Thursday, December 8, 2011

"Fixing a Hole" (fifth in a series)

Sgt Peppers Lonely Hearts Club Band
The Concept Album that Never Was -- or Was It?

The fifth in a series by John Atwood, a thinker and guitarist who was inspired as an 11 year-old to learn the instrument after seeing the Beatles perform in 1964 on the Ed Sullivan Show and who followed their career assiduously through his high school years when he formed a garage band just so he could play their songs within a group. He's had a few decades to ponder the import of the Fab Four's music.

This is another favorite song from the guitarist point of view.  What George does with the lead work on this always intrigued me.  I wondered how he got the tone he got, how he came up with the idea for the descending chords, and that solo in the middle is just perfection. 

The words on this one didn’t bother me too much at the time, I suppose.  It seemed a song about needing to get away from people, which is something we all have to do from time to time.  There certainly are times when other people’s egregious exertions toward us can bend us around ourselves, and we need time to unwind. 

But listening to it now, I realize this isn’t just about someone taking a retreat.  The singer is building a fortress against other human contact, both physically and mentally. 

The verses themselves are not quite clear on this. The holes are being fixed and the cracks are being filled because “the rain gets in, and stops my mind from wandering, where it will go.”  But the middle section makes it plain what is going on.
And it really doesn’t matter, if I’m wrong I’m right,
Where I belong I’m right, where I belong.
See the people standing there who disagree and never win
And wonder why they don’t get in my door.

The second time around, they are called ‘Silly People’.  Paul was quoted as saying this expressed his reaction to carried-away fans who hung around outside his house.  I do not fault him for his feeling on this point, since it is evident that well meaning but terribly foolish fans caused them all a lot of personal grief.  But without knowing that background, it strikes one that here is a fellow with the means to establish life on his own terms.  He need never subject his opinions to open discussion and can shut out everyone else who won’t see it his way. 

In other words, this is the song of the hermit or the social recluse.  And as it is presented in the form of a dreamy reverie, the unreality of such an approach to life is reinforced.   It is something we all have probably thought about from time to time, and maybe would do, if we didn’t have to go to work, didn’t have to work together with a spouse, didn’t have to deal with people in order to accomplish necessary things for living. 

Is this what Paul was intending this song to say and represent?  Probably not.

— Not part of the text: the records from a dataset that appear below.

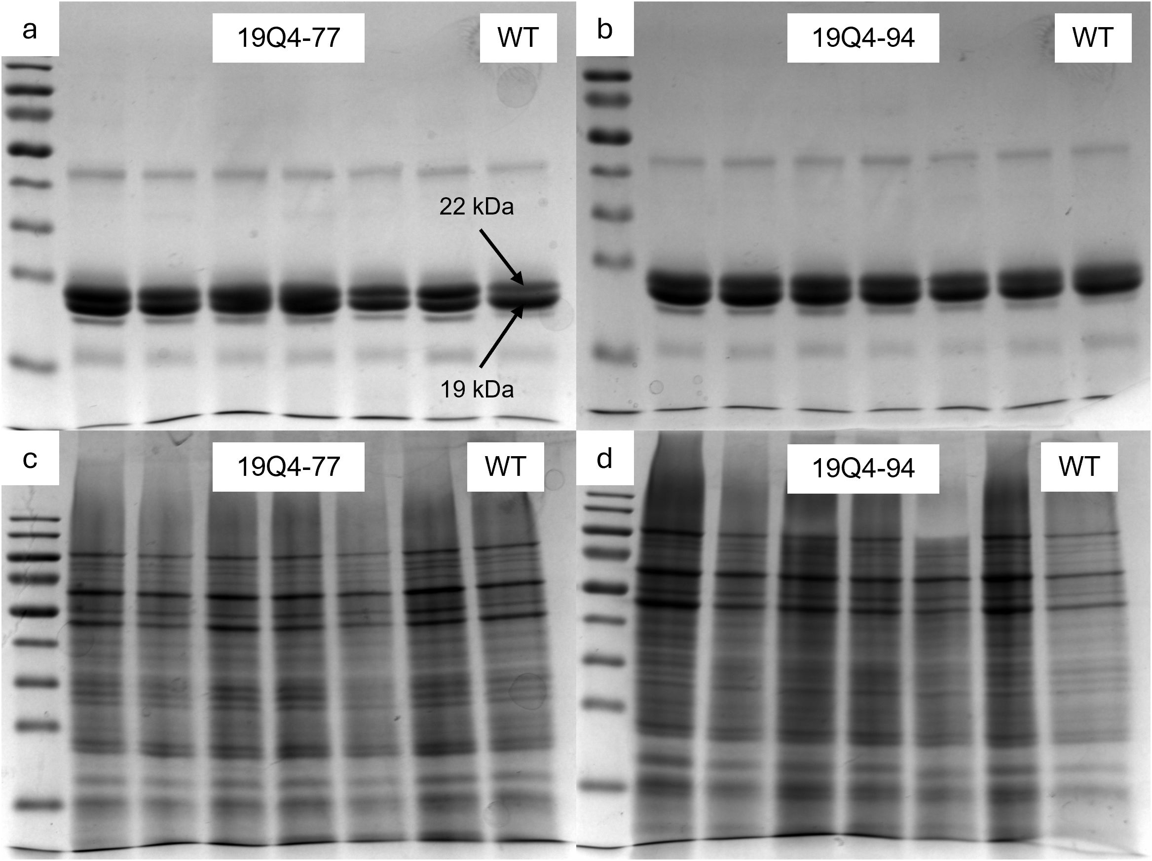 To separate kafirins and non-kafirins for comparison across edited and unedited lines, pools of each fraction were analyzed using SDS–PAGE. Kafirin (Figures 3a, b) and non-kafirin (Figures 3c, d) fractions were prepared from 19Q4–77 wx and 19Q4–94 Wx derived from single-plant pools of seeds. The wild-type kafirin and non-kafirin fraction composition was characterized by pooling three kafirin/non-kafirin extractions from three pools of seeds from single-plant RTx430 plants. Based on the magnitude of protein resolution at 22 kDa, kafirin proteins had similar abundances in edited lines 19Q4–77 wx and 19Q4–94 Wx compared to unedited wild-type RTx430 (Figures 1b, 3a). Non-kafirin abundance based on protein resolution excluding 22 kDa between 19Q4–77 wx and wild type (Figure 3c) is similar, with little evidence of an increase in non-kafirin protein abundance in 19Q4–94 Wx (Figures 3c, d). The presence of the waxy mutation did not obviously affect kafirin and non-kafirin abundance.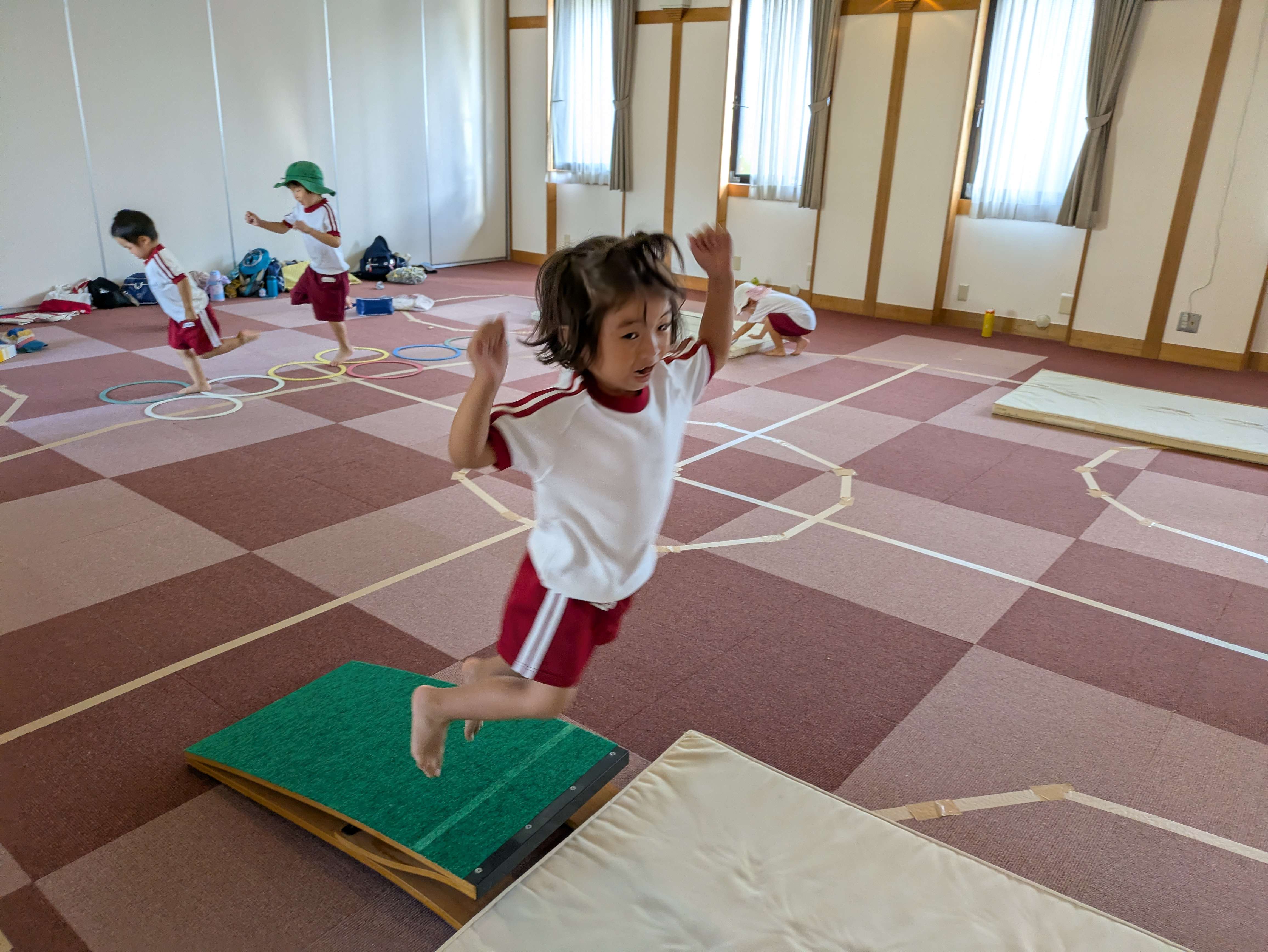 サーキットでは、前転やロイター板でのジャンプの確認などをしました。ロイタージャンプでは、しっかり足を揃えて跳ぶことができていましたね!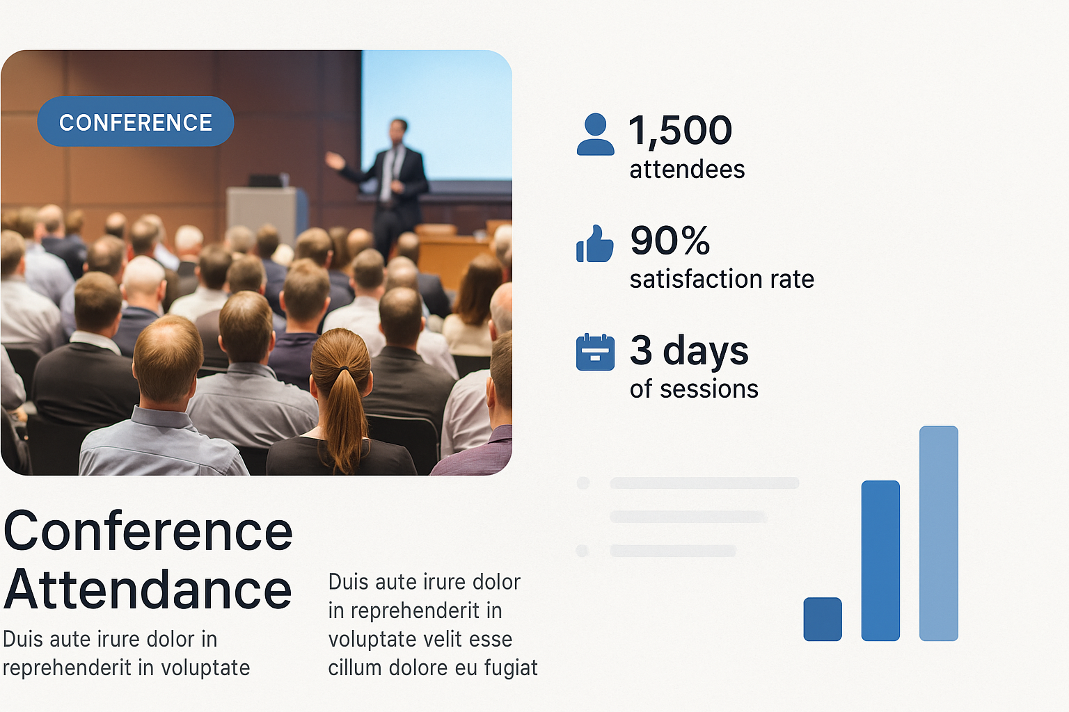/Collection: /by davooda/Type: PNG/Informative infographic showcasing key statistics about a conference, featuring a speaker in front of an engaged audience, ideal for event promotion and analysis.

While the song would have resonated well with someone like Howard Hughes, it doesn’t seem to fit what I know of the life of Paul McCartney.  So in a sense, it probably represents more a secret wish or passing fancy than it does an actual determination to do something.  And certainly Paul is not the only person to have entertained this idea.

However, one senses that it is possible to act out this idea more in concept than in actual construction projects.  So the “space between us all” can get larger not so much in a physical and geographical sense, but in a psychological and conceptual one.  It is regrettable that our often thoughtless actions to one another can create the tendency to respond in this fashion.  And maybe we don’t always realize that we are constructing such retreats in our head.  But perhaps a song like this—another example of unconscious negative narration—can help us to appreciate that, tempting as either a physical or psychological hermitage might be, in the end all it amounts to is a self-imposed form of loneliness.